No excess mortality was actually observed in Iceland as a whole in 1783. However, as mortality in Iceland fluctuated strongly (standard deviation 1750–1800 – 937 deaths yr−1), we cannot exclude the possibility that without the eruption, mortality in 1783 would have been below average, masking a possible impact of the haze. But assuming that 400 deaths out of the 1227 observed in 1783 were caused by haze, as suggested by Balkanski, it would leave only 827 deaths by other causes, which would imply a lower death rate than ever observed in 1750–1800 (16 deaths per 1000 inhabitants; actual minimum – 18.5) and a highly atypical seasonal pattern (Fig. 6).
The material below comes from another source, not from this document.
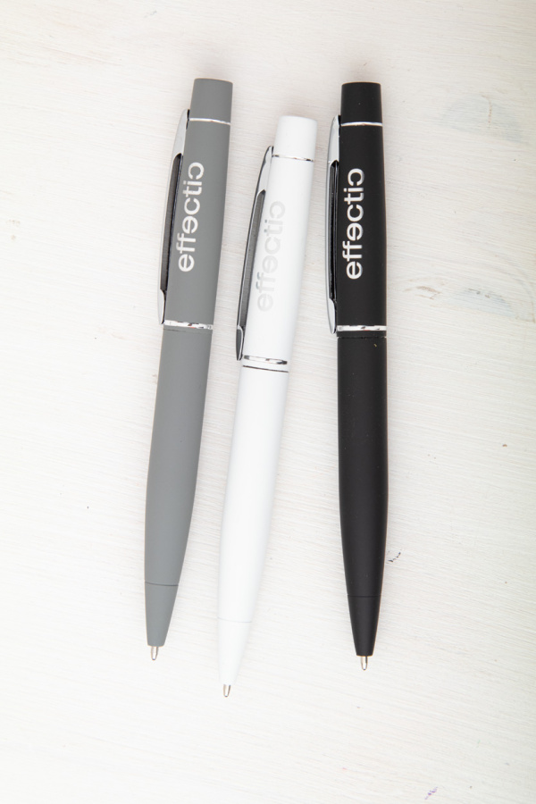 Kovové otočné guľôčkové pero s pogumovaným povrchom a modrou náplňou. Špeciálny povrch na gravírovanie strieborného loga.

Assuming a smaller haze-induced mortality of 200 deaths over 7 months would still imply an unusually low non-haze relative summer mortality (not shown).

If Icelandic pollution-induced excess mortality in 1783 likely stayed below 200 (about 26 % of the normal death toll for half a year), it seems unlikely that northwestern Europe experienced an excess mortality on that order of magnitude, even though pollutant concentrations there were much lower than in Iceland.
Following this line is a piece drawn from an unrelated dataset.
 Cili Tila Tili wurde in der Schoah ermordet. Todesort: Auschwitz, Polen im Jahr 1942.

To summarise, while there is clear evidence for haze-related morbidity in Iceland and Europe, this does not hold for mortality. In Europe, observed excess mortality was much stronger and followed a different timing than (imperfect) modern analogues suggest if haze had been the main cause. In Iceland, there is no evidence for any haze-related excess mortality in 1783. Of course, this does not exclude the possibility that some (up to ≈200) individuals did die from pollution. It is also conceivable that haze-induced morbidity contributed indirectly to excess mortality in Iceland and/or Europe, for example by weakening peoples' resistance and making them more vulnerable to hunger and disease. In fact, pollution from forest fires has been linked to increased risk of influenza months later (Landguth et al.2020). However, evidence for direct haze-induced excess mortality in Iceland or Europe remains weak. In particular, air pollution does not seem to explain the large death toll in Iceland during 1784–1785.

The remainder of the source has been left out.